Information shown:
──────────────────────────────

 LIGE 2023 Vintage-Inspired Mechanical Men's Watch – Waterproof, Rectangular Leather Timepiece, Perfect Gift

──────────────────────────────

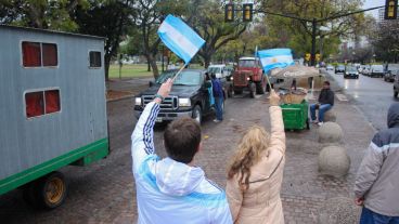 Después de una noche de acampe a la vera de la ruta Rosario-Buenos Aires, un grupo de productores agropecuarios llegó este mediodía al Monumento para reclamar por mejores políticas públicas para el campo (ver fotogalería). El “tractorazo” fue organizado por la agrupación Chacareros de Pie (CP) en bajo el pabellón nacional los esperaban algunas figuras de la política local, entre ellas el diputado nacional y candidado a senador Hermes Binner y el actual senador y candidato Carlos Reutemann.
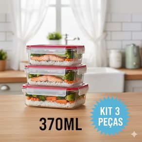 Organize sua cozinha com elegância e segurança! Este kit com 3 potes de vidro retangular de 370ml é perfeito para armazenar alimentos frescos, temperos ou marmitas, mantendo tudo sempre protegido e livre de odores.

──────────────────────────────

Exercise:
From the records above, transcribe only the stretch from the line with "Después de una" through the line with "Organize sua cozinha", keeping both ends. Omit pictures.

Reply:
 Después de una noche de acampe a la vera de la ruta Rosario-Buenos Aires, un grupo de productores agropecuarios llegó este mediodía al Monumento para reclamar por mejores políticas públicas para el campo (ver fotogalería). El “tractorazo” fue organizado por la agrupación Chacareros de Pie (CP) en bajo el pabellón nacional los esperaban algunas figuras de la política local, entre ellas el diputado nacional y candidado a senador Hermes Binner y el actual senador y candidato Carlos Reutemann.
 Organize sua cozinha com elegância e segurança! Este kit com 3 potes de vidro retangular de 370ml é perfeito para armazenar alimentos frescos, temperos ou marmitas, mantendo tudo sempre protegido e livre de odores.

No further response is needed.